Memory access is now mapped in following steps: * Determine prefered and fall-back lowering type per memory area * Check whether lowering type can be applied, reserve resources * Map all memory access to specified lowering level Also disables combining of VPM/DMA writes/reads for now. See #113 Effects (test-emulator, last 2 commits): Instructions: 45160 to 45779 (+1%) Cycles: 659247 to 661193 (+0.2%) Mutex waits: 282551 to 281459 (-0.3%)

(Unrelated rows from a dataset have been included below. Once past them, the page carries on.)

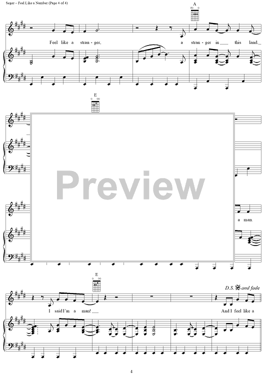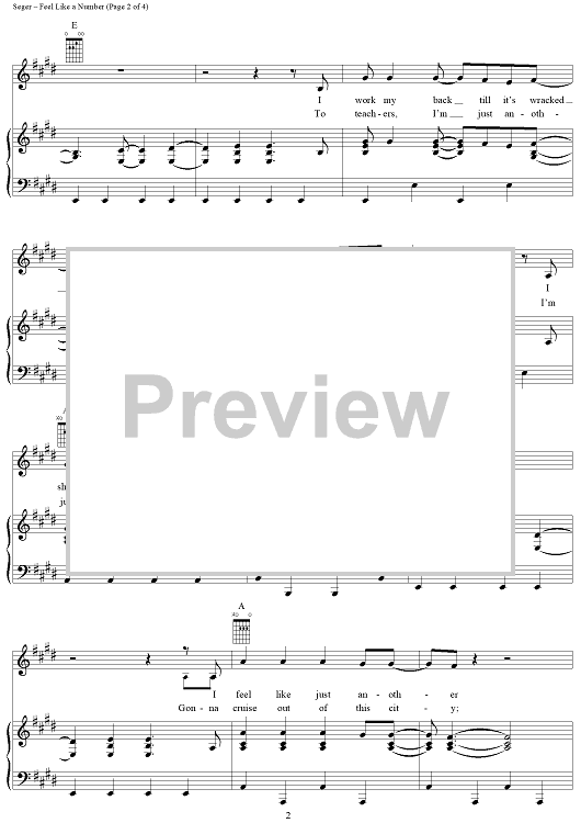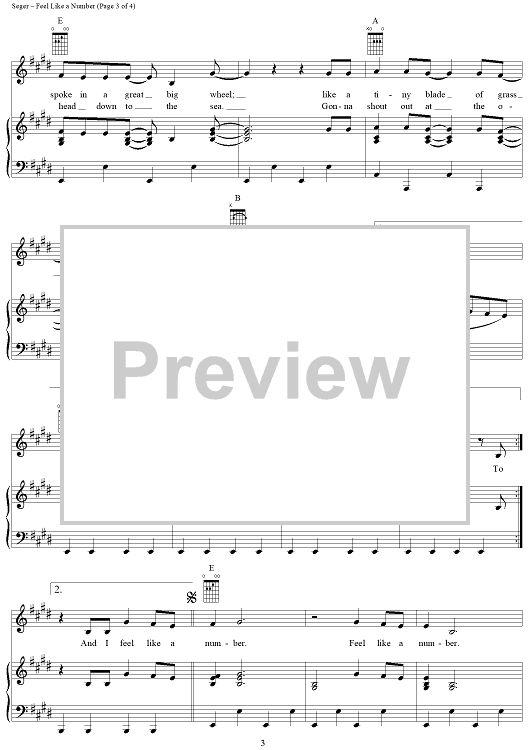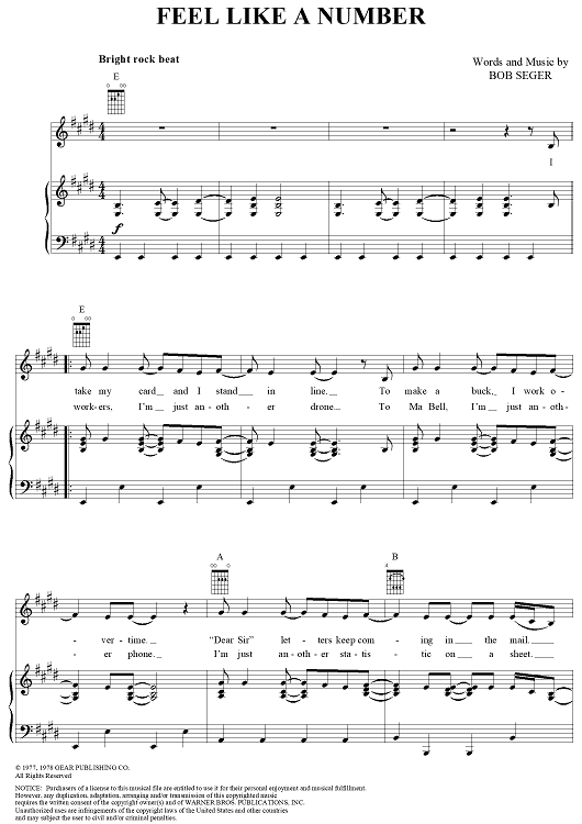 Digital Sheet Music for Feel Like a Number by Bob Seger, Silver Bullet Band scored for Piano/Vocal/Chords; id:240658
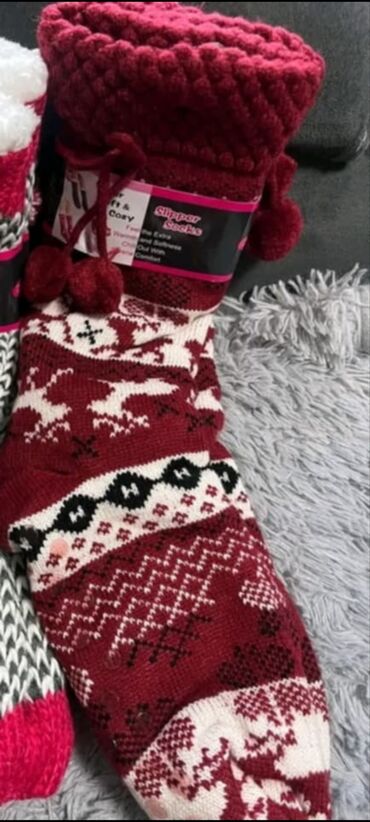 Idealne za nošenje kod kuće tokom hladnih dana, kao tople papuče-čarape koje greju stopala i gležnjeve. Oba para za 500 dinara.
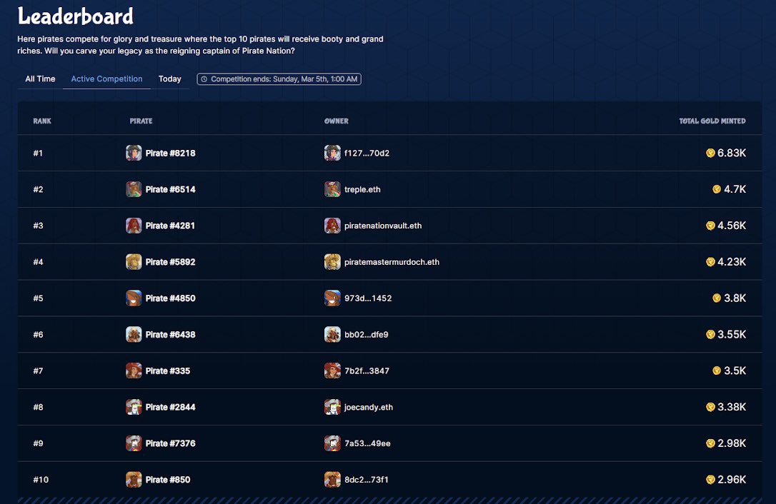 Leaderboard Top 10 We are just over a week into the
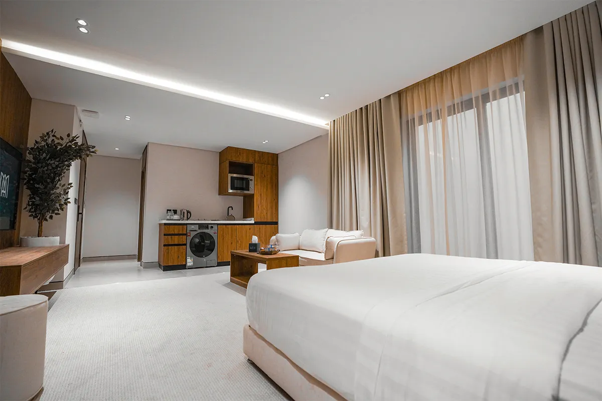 "✨ Elegant & Modern Apartment✨ Enjoy a fully equipped space with: 📺 Smart TV – 🍳 Fully Equipped Kitchen – 🔑 Smart Entry System"
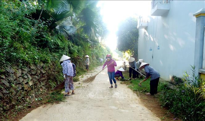 Hội viên Chi hội phụ nữ thôn 7, xã Lưỡng Vượng, vệ sinh đường làng ngõ xóm. Ảnh: Nam Sương - TTXVN
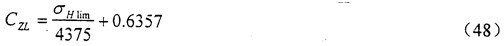 其中,在850N/mm2≤σHlim≤1200N/mm2范圍內,CZL可由式(50)算得。當σHlim<850N/mm2時以850N/mm2時以850N/mm2時以850N/mm2計,當σHlim>1200N/mm2計。
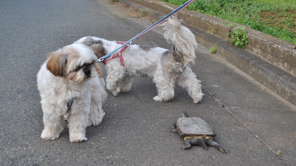 ワンちゃんたちに交ざって、カメさんが一緒に散歩していました。
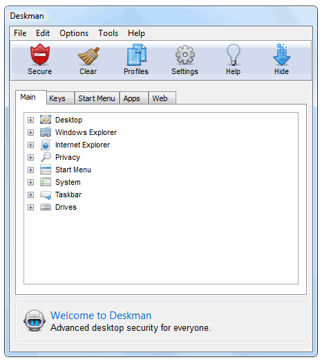 A powerful desktop security tool for home users and system administrators alike. System administrators require an effective tool to stop users from messing up the desktop, or apply tight security measures. Protect your system when you are away. Home users need a simple way of protecting their computers on coffee breaks, or restraining access to their desktop on shared computer environments. Deskman enables you to control and protect your desktop in a snap. Combining a selected array of options, users can customize different levels of security easily. You decide the restrictions to be applied and enforced.
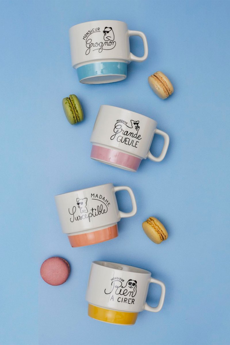 Estuche de 4 tazas apilables de porcelana - 8 x 10 x 22,5 cm
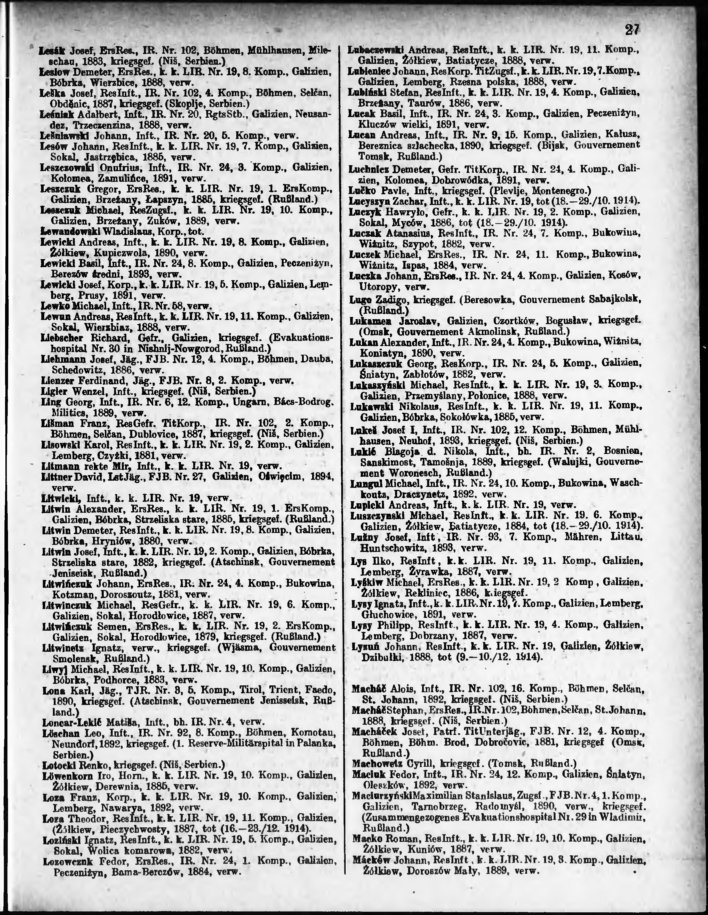 Verlustliste ausgegeben am

This changes allows us to remove mutex locks from "direct" memory access. See #113

This version will only combine writing of same setup values, where possible. The full version is also removed, since it will anyway become obsolete with VPM cached memory (see #113). Effects (test-emulator): Instructions: 52511 to 49793 (-5%) Cycles: 644891 to 641680 (-0.5%) Total time (in ms): 62869 to 58456 (-7%)

doe300 · 2018-11-12T18:00:00Z

Linking #86 to be checked for performance/correctness and close.